Task goal> Your output should be exactly the lines from the one containing "Arne Vodder/アル" through the final line of the records, both included, with every picture left out.

[Entries taken from a collection]

========================================================================

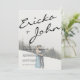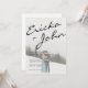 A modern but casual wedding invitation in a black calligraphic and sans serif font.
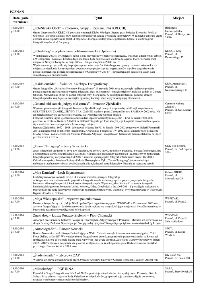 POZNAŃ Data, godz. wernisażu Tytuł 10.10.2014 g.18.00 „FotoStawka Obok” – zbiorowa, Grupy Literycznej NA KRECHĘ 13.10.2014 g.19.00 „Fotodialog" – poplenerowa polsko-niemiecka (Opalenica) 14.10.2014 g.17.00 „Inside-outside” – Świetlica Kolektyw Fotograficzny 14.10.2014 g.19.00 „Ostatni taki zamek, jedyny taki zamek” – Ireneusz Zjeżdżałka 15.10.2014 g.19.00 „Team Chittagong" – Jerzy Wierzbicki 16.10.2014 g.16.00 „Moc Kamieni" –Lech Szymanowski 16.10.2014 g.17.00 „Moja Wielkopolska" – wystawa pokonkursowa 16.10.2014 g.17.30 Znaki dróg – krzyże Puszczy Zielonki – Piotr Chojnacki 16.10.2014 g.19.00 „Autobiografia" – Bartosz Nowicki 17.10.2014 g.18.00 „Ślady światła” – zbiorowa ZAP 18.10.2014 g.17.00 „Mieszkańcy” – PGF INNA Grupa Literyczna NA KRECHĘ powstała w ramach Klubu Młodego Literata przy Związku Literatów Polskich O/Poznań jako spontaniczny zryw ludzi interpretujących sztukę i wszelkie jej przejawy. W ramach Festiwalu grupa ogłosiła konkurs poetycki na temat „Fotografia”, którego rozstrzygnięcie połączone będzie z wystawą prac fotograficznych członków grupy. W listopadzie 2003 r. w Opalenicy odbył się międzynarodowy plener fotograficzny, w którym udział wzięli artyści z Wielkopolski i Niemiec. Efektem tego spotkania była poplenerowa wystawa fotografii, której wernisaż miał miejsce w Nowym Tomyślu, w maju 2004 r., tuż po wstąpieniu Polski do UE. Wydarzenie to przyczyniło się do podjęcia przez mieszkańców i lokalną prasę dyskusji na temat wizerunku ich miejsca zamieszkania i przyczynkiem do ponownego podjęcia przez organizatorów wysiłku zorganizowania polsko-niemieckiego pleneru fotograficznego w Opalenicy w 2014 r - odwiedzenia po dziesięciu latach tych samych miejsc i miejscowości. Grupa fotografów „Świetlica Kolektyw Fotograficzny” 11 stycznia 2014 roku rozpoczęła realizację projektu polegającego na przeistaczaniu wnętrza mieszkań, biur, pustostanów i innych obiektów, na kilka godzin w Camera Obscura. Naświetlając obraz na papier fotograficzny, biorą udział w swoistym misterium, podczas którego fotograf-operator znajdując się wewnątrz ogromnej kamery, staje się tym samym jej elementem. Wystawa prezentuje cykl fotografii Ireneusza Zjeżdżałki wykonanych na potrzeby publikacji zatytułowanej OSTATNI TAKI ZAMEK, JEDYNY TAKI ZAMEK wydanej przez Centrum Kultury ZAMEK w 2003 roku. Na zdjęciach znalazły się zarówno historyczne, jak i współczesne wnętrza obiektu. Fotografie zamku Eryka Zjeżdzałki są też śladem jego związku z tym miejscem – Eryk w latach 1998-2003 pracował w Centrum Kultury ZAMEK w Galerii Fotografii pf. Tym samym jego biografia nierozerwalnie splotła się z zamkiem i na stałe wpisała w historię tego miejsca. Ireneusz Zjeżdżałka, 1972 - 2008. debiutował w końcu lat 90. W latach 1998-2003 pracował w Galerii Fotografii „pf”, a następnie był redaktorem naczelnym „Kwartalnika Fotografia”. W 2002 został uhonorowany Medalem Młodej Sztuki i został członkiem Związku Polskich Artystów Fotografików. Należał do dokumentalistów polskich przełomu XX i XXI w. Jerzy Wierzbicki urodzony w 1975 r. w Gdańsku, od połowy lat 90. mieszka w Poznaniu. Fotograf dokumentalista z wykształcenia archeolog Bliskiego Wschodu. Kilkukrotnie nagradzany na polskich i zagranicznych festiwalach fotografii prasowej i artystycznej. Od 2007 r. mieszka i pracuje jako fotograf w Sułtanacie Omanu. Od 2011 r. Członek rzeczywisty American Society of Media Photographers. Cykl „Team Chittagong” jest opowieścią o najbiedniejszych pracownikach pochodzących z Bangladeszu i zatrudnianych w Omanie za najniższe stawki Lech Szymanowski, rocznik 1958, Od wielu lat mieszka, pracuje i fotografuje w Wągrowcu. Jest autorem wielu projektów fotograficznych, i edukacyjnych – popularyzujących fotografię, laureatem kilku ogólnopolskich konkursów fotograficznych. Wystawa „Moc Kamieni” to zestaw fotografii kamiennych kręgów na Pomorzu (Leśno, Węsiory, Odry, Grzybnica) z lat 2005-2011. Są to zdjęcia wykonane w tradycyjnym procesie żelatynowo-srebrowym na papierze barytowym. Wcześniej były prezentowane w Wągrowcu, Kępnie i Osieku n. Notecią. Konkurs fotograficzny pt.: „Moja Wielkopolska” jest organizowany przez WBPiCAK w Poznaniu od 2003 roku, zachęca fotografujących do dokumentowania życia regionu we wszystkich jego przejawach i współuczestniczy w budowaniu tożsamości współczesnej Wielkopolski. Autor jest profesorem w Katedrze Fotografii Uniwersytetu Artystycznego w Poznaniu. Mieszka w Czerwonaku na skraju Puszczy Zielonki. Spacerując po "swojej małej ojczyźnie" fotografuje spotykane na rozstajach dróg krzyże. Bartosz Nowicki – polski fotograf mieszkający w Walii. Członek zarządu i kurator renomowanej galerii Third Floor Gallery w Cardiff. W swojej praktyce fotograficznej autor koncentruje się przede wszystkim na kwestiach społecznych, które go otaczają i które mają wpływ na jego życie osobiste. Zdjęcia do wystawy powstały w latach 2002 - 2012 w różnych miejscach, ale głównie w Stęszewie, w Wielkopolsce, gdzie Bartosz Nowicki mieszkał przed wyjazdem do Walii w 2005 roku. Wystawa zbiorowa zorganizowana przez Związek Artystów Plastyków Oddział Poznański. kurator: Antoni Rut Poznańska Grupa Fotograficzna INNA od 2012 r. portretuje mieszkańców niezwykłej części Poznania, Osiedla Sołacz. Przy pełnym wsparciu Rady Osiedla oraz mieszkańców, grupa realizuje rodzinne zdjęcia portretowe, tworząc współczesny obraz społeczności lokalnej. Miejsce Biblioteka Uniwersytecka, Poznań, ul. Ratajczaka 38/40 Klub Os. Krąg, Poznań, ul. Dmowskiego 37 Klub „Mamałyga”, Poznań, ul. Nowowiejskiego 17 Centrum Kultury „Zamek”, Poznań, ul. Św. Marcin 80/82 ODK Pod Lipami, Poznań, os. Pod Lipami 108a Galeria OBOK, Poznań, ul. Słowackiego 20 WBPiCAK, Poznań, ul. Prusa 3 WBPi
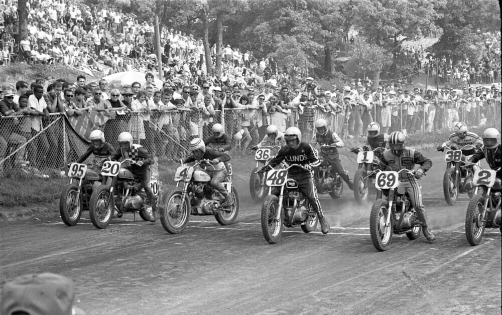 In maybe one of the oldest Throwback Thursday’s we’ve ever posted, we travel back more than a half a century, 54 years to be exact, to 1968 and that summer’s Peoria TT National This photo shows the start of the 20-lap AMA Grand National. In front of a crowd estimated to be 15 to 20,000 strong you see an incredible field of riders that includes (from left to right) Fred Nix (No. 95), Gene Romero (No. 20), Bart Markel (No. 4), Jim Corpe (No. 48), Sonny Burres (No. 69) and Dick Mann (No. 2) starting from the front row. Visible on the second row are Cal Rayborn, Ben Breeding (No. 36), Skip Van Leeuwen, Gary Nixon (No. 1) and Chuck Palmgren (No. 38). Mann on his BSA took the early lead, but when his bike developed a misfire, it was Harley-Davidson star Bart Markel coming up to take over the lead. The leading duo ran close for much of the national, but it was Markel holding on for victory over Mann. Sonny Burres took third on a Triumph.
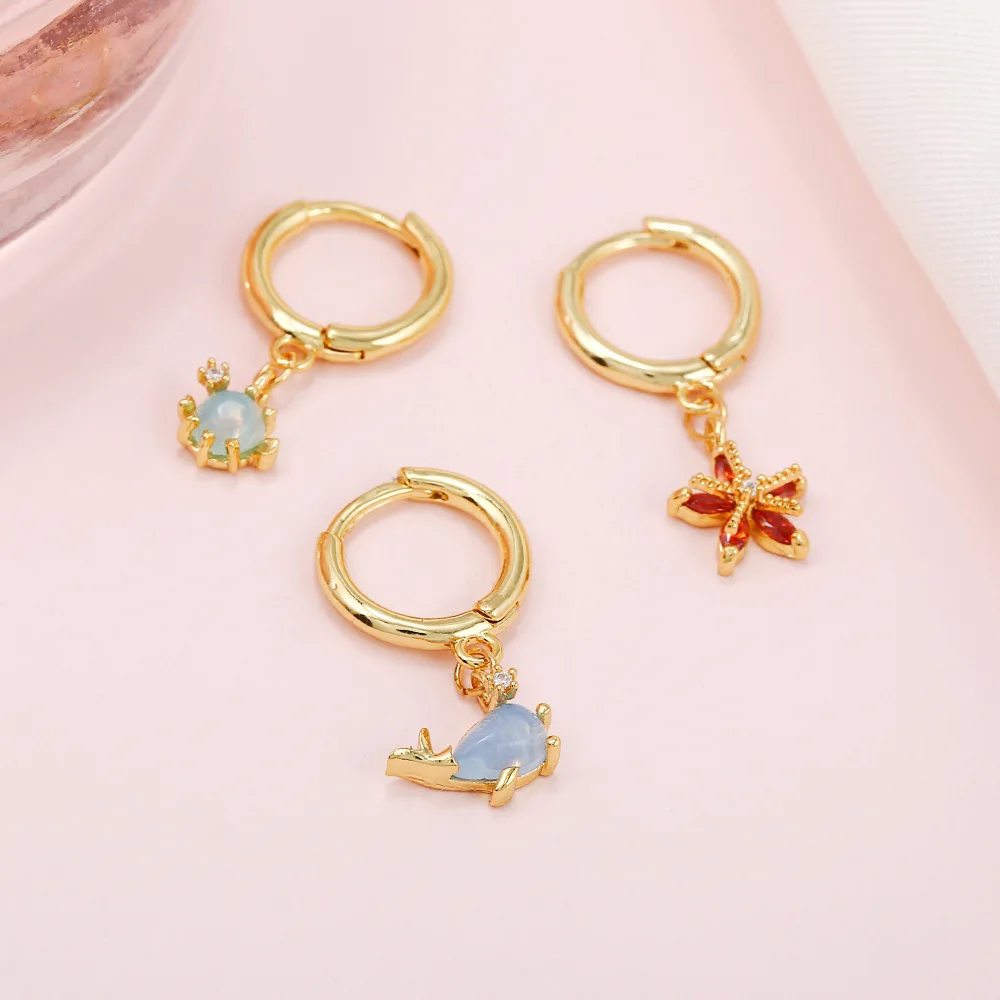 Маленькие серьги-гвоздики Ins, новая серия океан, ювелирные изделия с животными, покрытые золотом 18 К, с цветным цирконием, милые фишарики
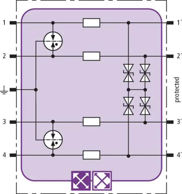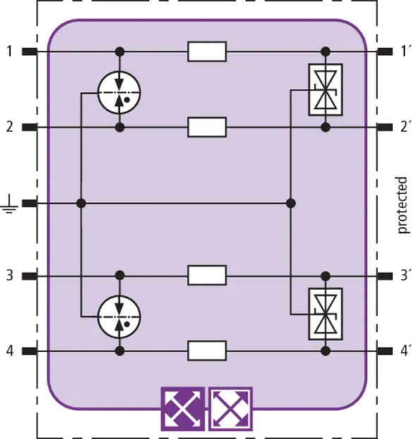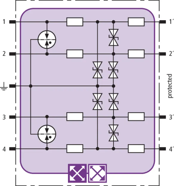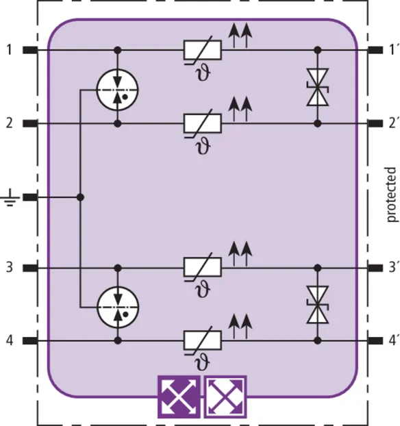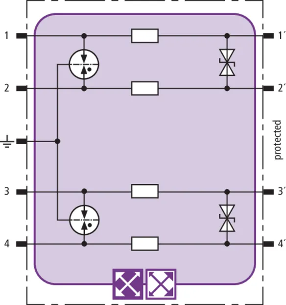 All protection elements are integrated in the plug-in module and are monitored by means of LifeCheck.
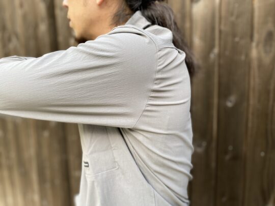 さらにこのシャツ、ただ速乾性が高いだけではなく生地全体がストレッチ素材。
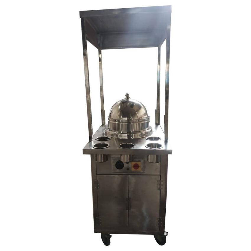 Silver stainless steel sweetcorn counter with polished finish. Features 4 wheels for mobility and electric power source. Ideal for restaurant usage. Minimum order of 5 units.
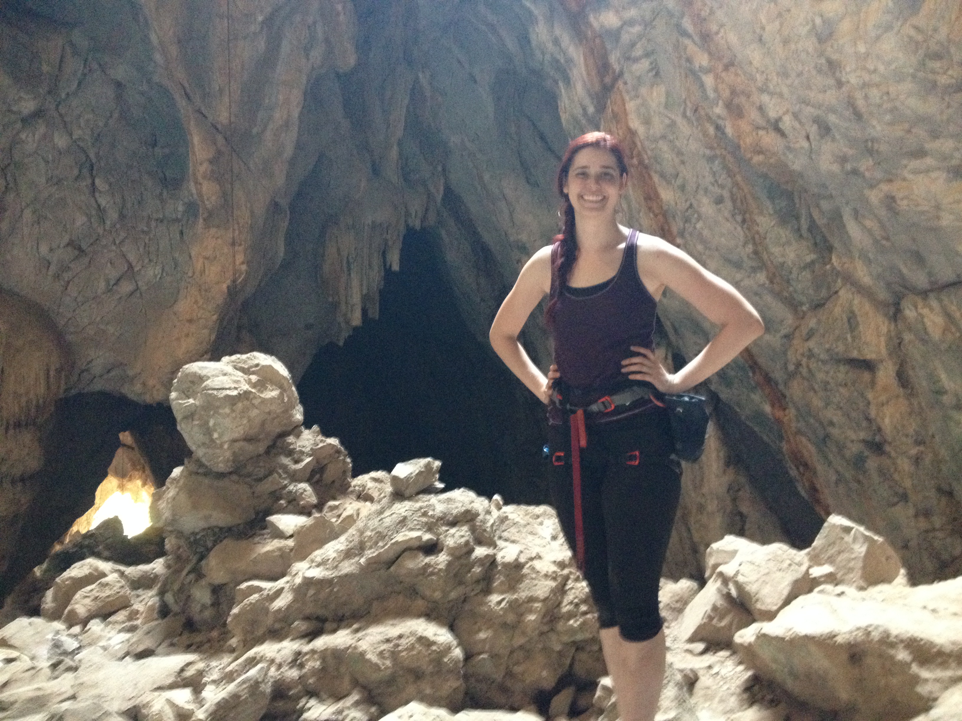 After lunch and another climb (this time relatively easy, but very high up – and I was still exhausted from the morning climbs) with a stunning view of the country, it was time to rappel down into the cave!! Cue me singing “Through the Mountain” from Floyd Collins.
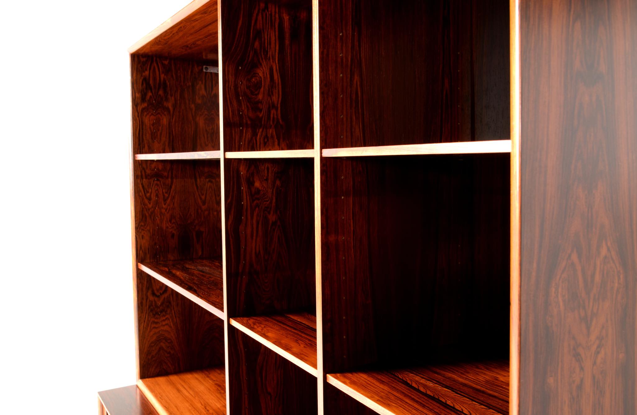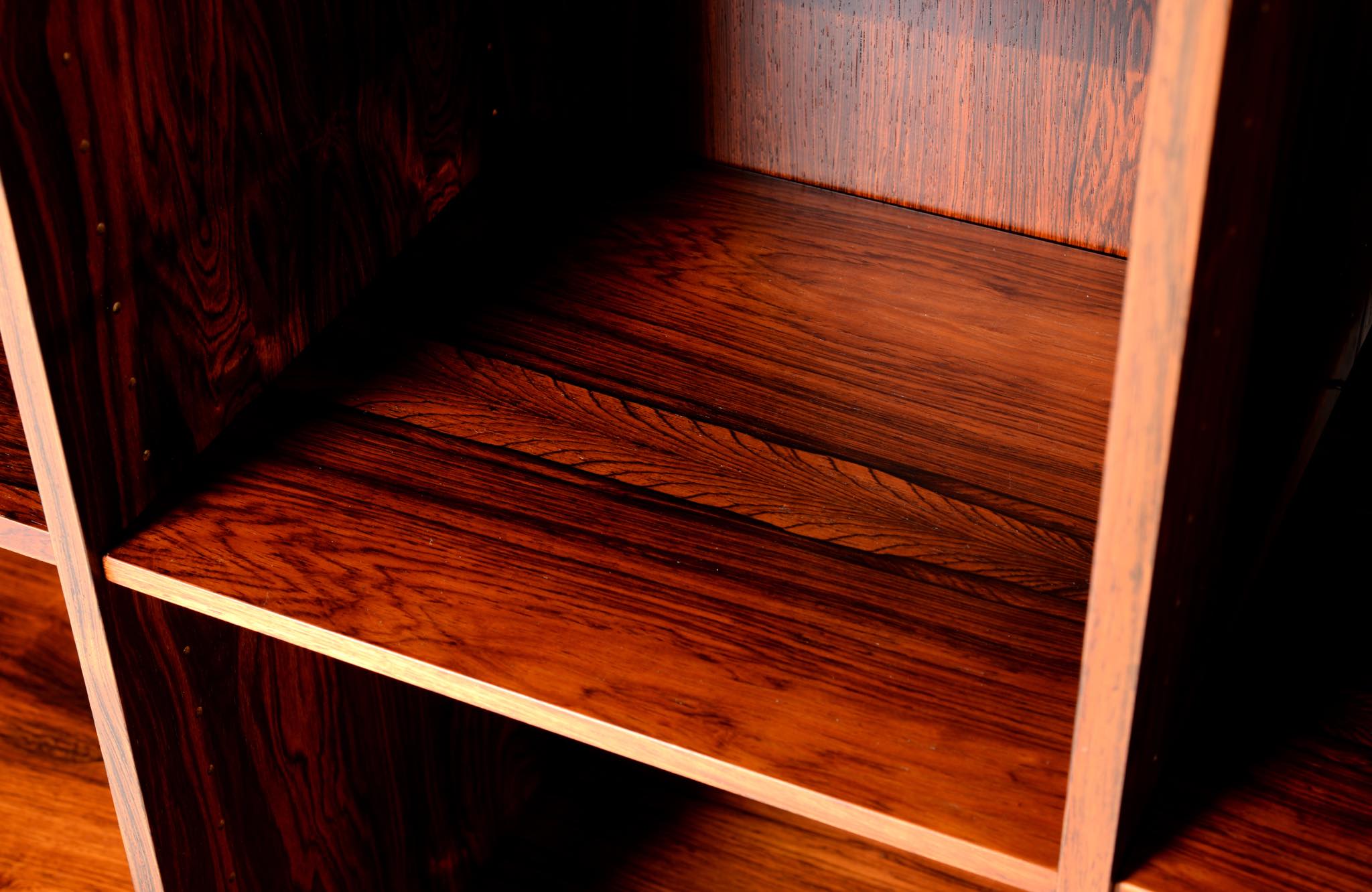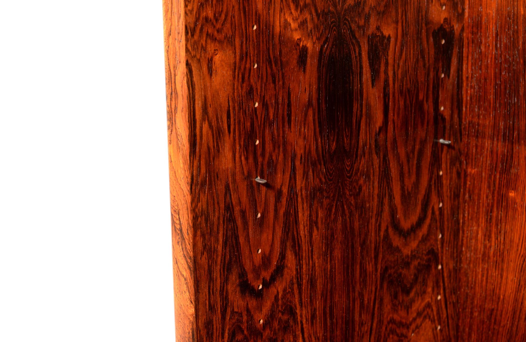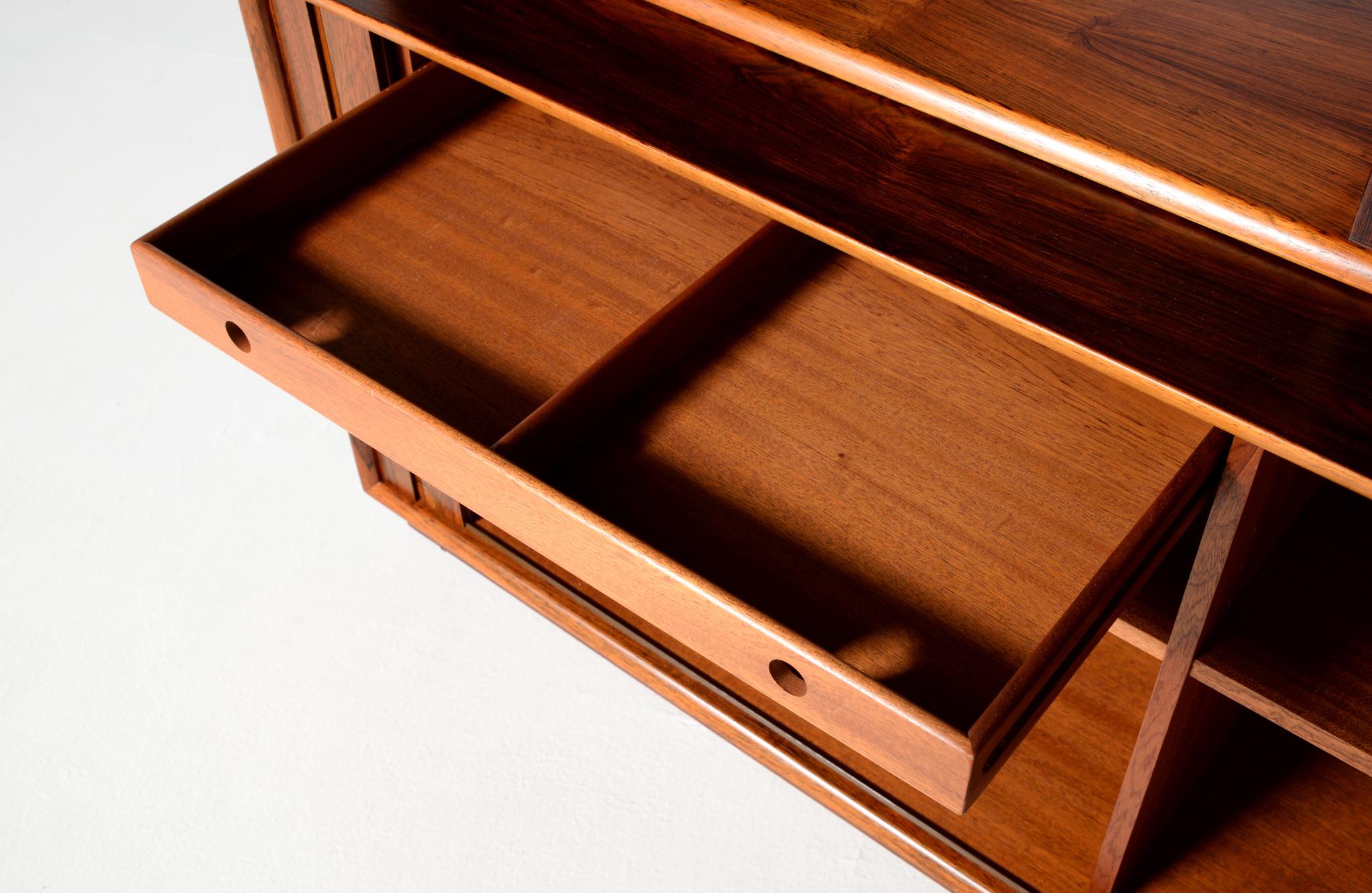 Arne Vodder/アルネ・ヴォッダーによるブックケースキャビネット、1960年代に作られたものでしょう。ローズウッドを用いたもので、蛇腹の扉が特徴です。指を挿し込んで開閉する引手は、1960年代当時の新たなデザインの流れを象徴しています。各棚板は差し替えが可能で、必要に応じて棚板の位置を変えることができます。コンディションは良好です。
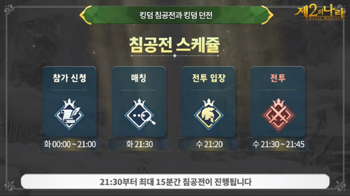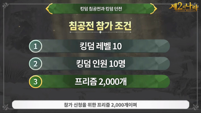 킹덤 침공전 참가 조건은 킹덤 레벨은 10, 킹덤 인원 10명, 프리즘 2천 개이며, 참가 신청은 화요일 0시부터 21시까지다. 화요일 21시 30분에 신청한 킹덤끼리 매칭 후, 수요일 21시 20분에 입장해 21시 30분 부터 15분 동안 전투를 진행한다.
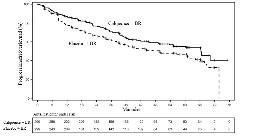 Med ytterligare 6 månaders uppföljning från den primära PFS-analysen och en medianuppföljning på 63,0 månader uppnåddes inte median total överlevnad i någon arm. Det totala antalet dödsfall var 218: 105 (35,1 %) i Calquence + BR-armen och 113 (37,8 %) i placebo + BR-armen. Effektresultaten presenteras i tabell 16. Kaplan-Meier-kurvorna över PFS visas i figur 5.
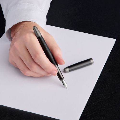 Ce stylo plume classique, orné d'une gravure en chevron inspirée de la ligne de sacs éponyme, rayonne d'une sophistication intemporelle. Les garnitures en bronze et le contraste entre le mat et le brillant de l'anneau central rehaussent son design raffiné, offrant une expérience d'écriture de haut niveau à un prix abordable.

========================================================================

Response area>
 Arne Vodder/アルネ・ヴォッダーによるブックケースキャビネット、1960年代に作られたものでしょう。ローズウッドを用いたもので、蛇腹の扉が特徴です。指を挿し込んで開閉する引手は、1960年代当時の新たなデザインの流れを象徴しています。各棚板は差し替えが可能で、必要に応じて棚板の位置を変えることができます。コンディションは良好です。
 킹덤 침공전 참가 조건은 킹덤 레벨은 10, 킹덤 인원 10명, 프리즘 2천 개이며, 참가 신청은 화요일 0시부터 21시까지다. 화요일 21시 30분에 신청한 킹덤끼리 매칭 후, 수요일 21시 20분에 입장해 21시 30분 부터 15분 동안 전투를 진행한다.
 Med ytterligare 6 månaders uppföljning från den primära PFS-analysen och en medianuppföljning på 63,0 månader uppnåddes inte median total överlevnad i någon arm. Det totala antalet dödsfall var 218: 105 (35,1 %) i Calquence + BR-armen och 113 (37,8 %) i placebo + BR-armen. Effektresultaten presenteras i tabell 16. Kaplan-Meier-kurvorna över PFS visas i figur 5.
 Ce stylo plume classique, orné d'une gravure en chevron inspirée de la ligne de sacs éponyme, rayonne d'une sophistication intemporelle. Les garnitures en bronze et le contraste entre le mat et le brillant de l'anneau central rehaussent son design raffiné, offrant une expérience d'écriture de haut niveau à un prix abordable.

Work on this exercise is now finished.